# Homemade Cordless Drill / Ice Auger Adapter



## Ruminator

This is a nice home-made piece that a good friend made for me from parts found for the most part at the hardware store.
I matched a Milwaukee 18v to my new Strikemaster Lazer 7", and it ran down thru the ice! Under 15 seconds to pop thru 7"-8" of ice.

I hope this can help someone else.

Parts List

1 - coupling nut: 1/2" x1/2" (2 drilled holes 3/32" for two spring pins)

1 - hex nut: 1/2"

1 - hex bolt: 1/2" x 8" with 1 5/8" of threading (cut hex head and excess length off)

1 - 11/16" x 6 3/4" threaded steel rod on one end to 1/2" threads 5/8" in length

(drilled hole 1/4" through rod for Lazer T-bolt to fit through, allowing as much length as will fit into the Lazer)

2 - fender washers: 1/2" ID

2 - spring pins: 3/32" x 11/16"

1 - "safety disc" of needed diameter and material 
(mine is 1/8" steel plate) that I'm going to cut out center sections of to reduce weight. It will have a 1.5" exterior rim with four equally spaced 1.25" arms running to the center hub of a 2.5" diameter.

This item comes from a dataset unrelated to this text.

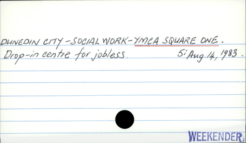 Dunedin Public Libraries (21st Jan 2018). Dunedin City - Social Work - YMCA Square One. In Website Dunedin Public Libraries. Retrieved 27th Mar 2026 10:37, from https://dunedin.recollect.co.nz/nodes/view/119920

The last step will be to coat everything with Extend Rust Proofer.

[ Enlarge photos to observe details ]

(notice the drilled holes in the hex bolt and coupling nut to place the spring pins in to lock pieces together; Loctite might also work well in place of pinning- all rotations tighten up when drilling ice)

* I should say that the bolt shafts are not bowed like they appear in the pics.


----------